Agree. As I mentioned in the above, I will take a look at this soon.

>
> $ bpf-unknown-none-objdump -M pseudoc -d foo.o
>
> foo.o:     file format elf64-bpfle
>
>
> Disassembly of section .text:
>
> 0000000000000000 <foo>:
>     0:	bf 11 20 00 00 00 00 00 	r1 = (s32) r1
>     8:	c3 12 00 00 51 00 00 00 	w1=atomic_fetch_and((u32*)(r2+0),w1)
>    10:	95 00 00 00 00 00 00 00 	exit
>
> $ bpf-unknown-none-objdump -M v2,pseudoc -d foo.o
>
> foo.o:     file format elf64-bpfle
>
>
> Disassembly of section .text:
>
> 0000000000000000 <foo>:
>     0:	bf 11 20 00 00 00 00 00 	r1=r1
>     8:	c3 12 00 00 51 00 00 00 	<unknown>
>    10:	95 00 00 00 00 00 00 00 	exit
>
>> For code:
>> void foo(int a, _Atomic int *b)
>> {
>>   *b &= a;
>> }
>>
>> The initial IR generated by clang frontend is:
>>
>> define dso_local void @foo(i32 noundef %a, ptr noundef %b) #0 {
>> entry:
>>    %a.addr = alloca i32, align 4
>>    %b.addr = alloca ptr, align 8
>>    store i32 %a, ptr %a.addr, align 4, !tbaa !3
>>    store ptr %b, ptr %b.addr, align 8, !tbaa !7
>>    %0 = load i32, ptr %a.addr, align 4, !tbaa !3
>>    %1 = load ptr, ptr %b.addr, align 8, !tbaa !7
>>    %2 = atomicrmw and ptr %1, i32 %0 seq_cst, align 4
>>    %3 = and i32 %2, %0
>>    ret void
>> }
>>
>> Note that atomicrmw in the above.

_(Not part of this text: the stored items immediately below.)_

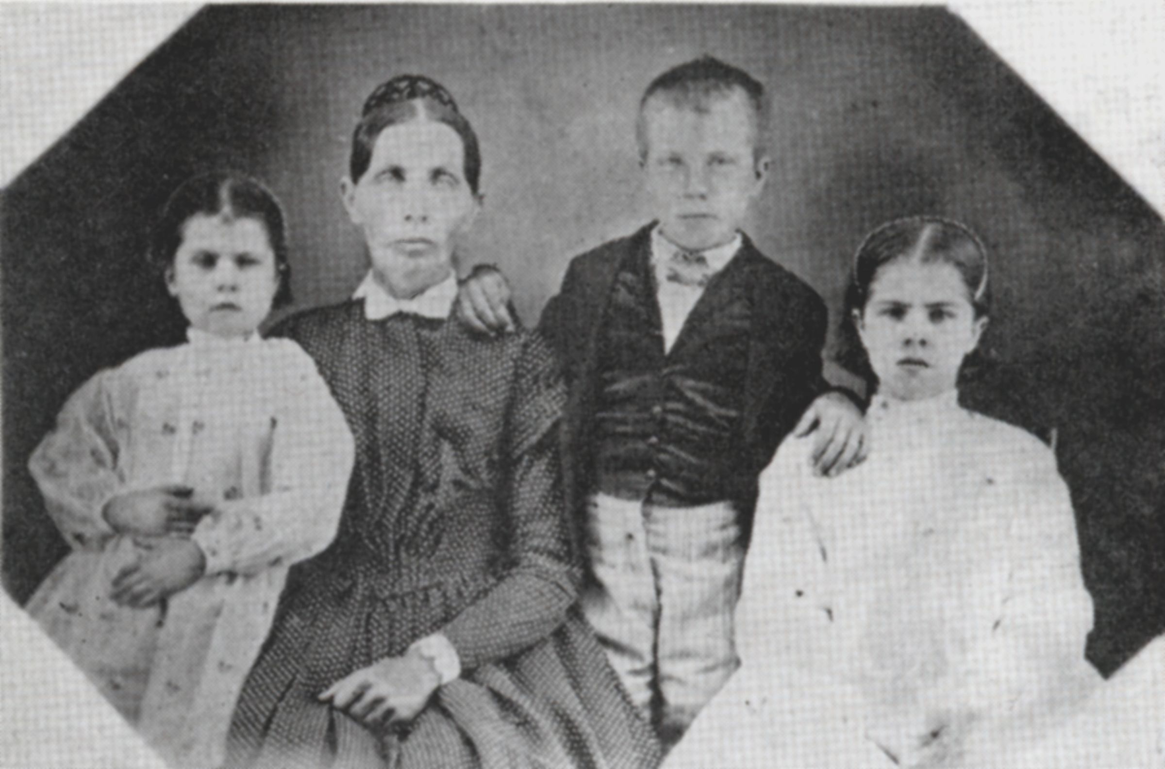 Lyman Burrell (1801-1884) and Clarissa Wright Burrell(1805-1857) were married in 1839 and had three children. Despite the challenging life she led as a California pioneer, Clarissa managed to write a series of letters which now serve as a valuable primary source of information about her life and times. She tells of her 103-day trip to California around Cape Horn with her children, of life on the mountain top, and of her husband's encounter with a grizzly bear. When she died she was buried on the mountain ranch. Her son, James Birney Burrell (1840-1921), pictured here with his mother and sisters Clara (left) and Martha (right), was one of Santa Clara Valley's pioneer fruit growers. BU001Collection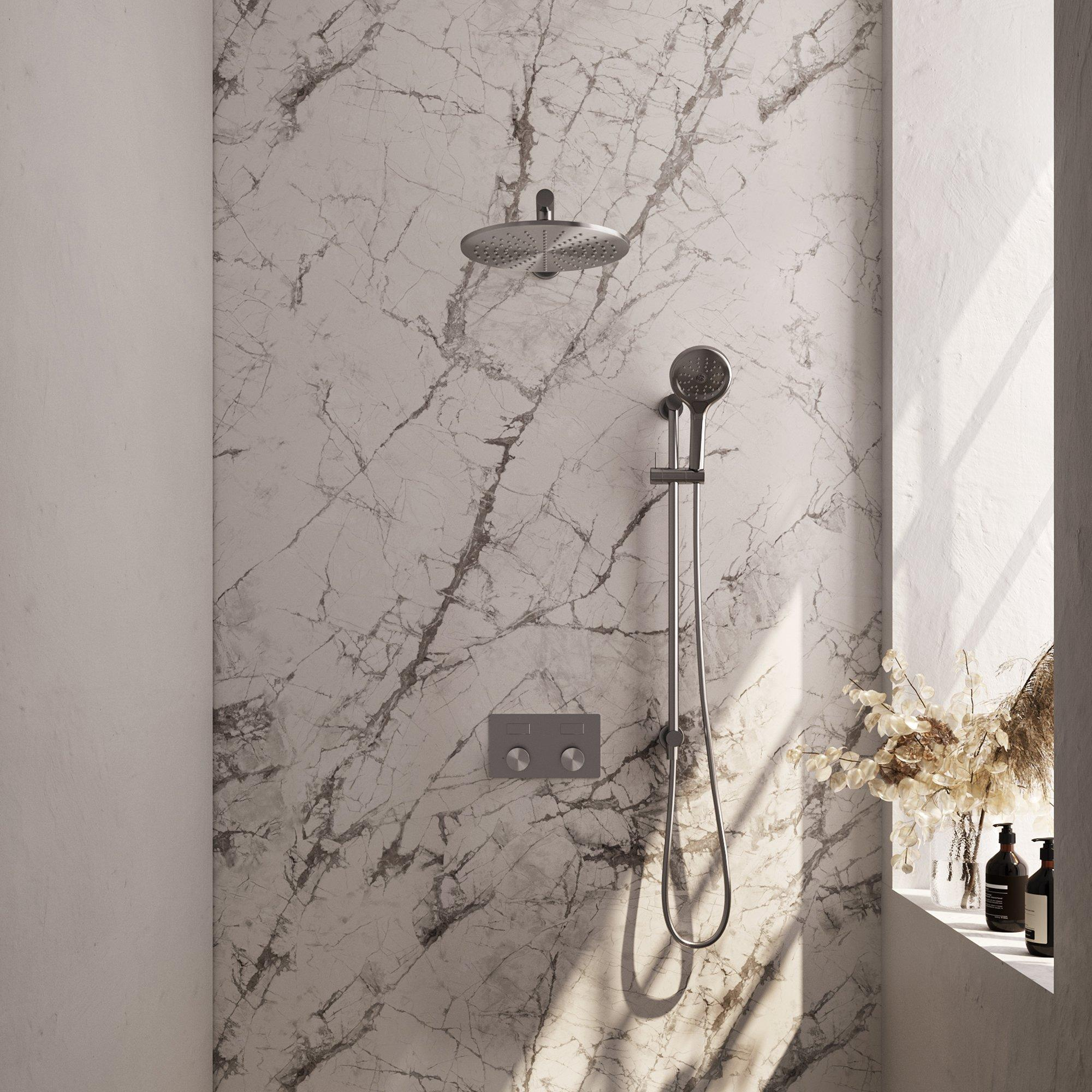 La Brushed Edition Douche de pluie thermostatique respire le style et la classe. Le design PVD en acier inoxydable brossé apporte une touche moderne à votre salle de bains. La combinaison de la douche de tête 30 cm et du bras mural droit offre un look minimaliste qui s'intègre parfaitement dans un aménagement contemporain.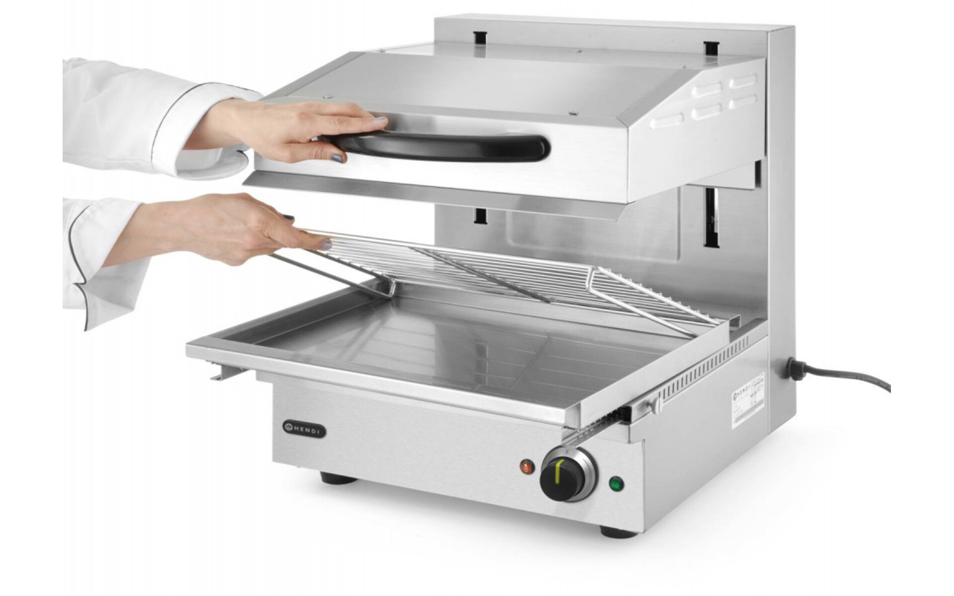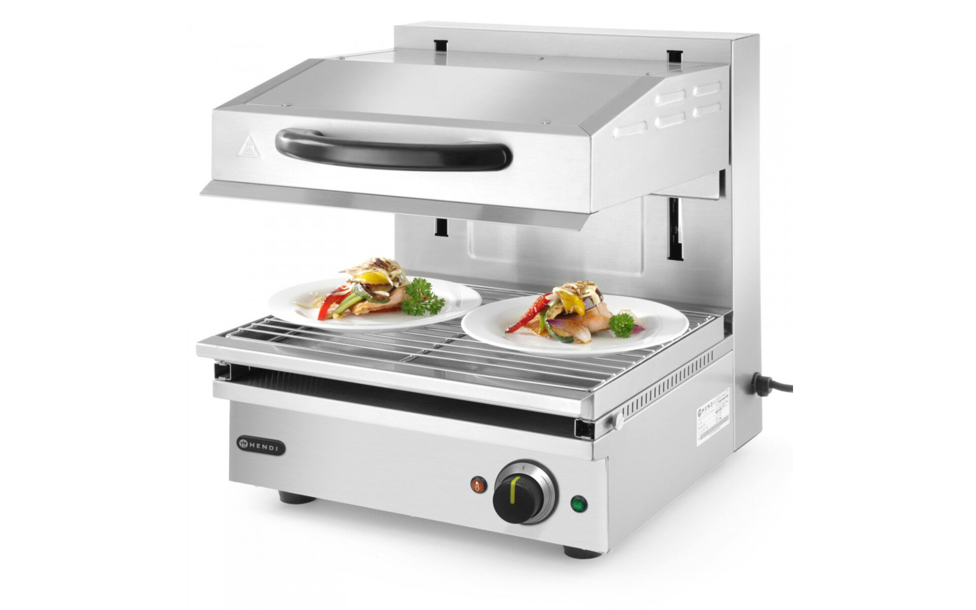 Thermostaat traploos instelbaar tot maximaal 300°C, met controlelampjes.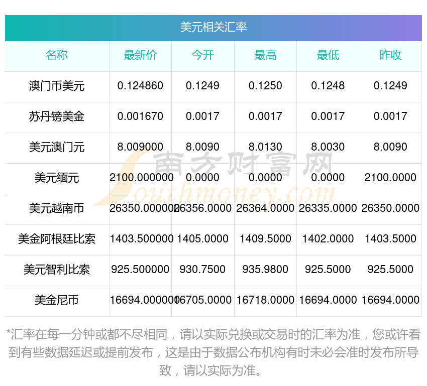 南方財富網(wǎng)為您提供美元對緬元匯率最新價格詳情。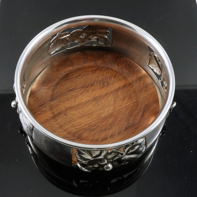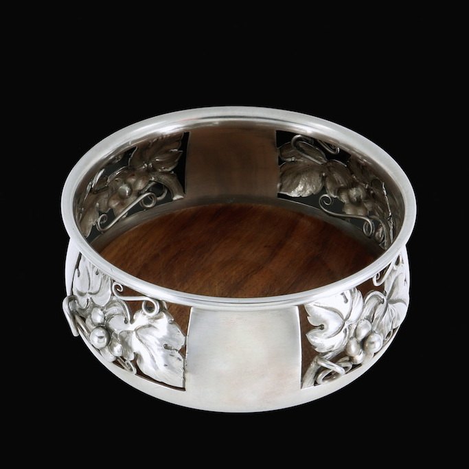 Evald Nielsen 1879-1958. Flaskebakke i Sterllng sølv med druemotiv.

Eventually it optimized to
>>
>> define dso_local void @foo(i32 noundef %a, ptr noundef %b) #0 {
>> entry:
>>    %0 = atomicrmw and ptr %b, i32 %a seq_cst, align 4
>>    ret void
>> }
>>
>> The 'atomicrmw' is the same IR as generated by
>> __sync_fetch_and_*() and eventually will generate atomic_fetch_*() bpf
>> insn.
>> Discussed with Andrii, and
>> another option is to specify relaxed consistency, so llvm
>> internal could translate it into locked insn. For example,
>>
>> $ cat t1.c
>> #include <stdatomic.h>
>>
>> void f(_Atomic int *i) {
>>    __c11_atomic_fetch_and(i, 1, memory_order_relaxed);
>> }
> I think this makes sense.  Currently we removed the GCC insns
> atomic_{add,or,xor,and} all together so the compiler is forced to
> implement them in terms of atomic_fetch_and_{add,or,xor,and} regardless
> of the memory ordering policy specified to the __sync_fetch_and_OP.  So
> even if you specify relaxed memory ordered, the resulting ordering is
> whatever implied by the fetching operation.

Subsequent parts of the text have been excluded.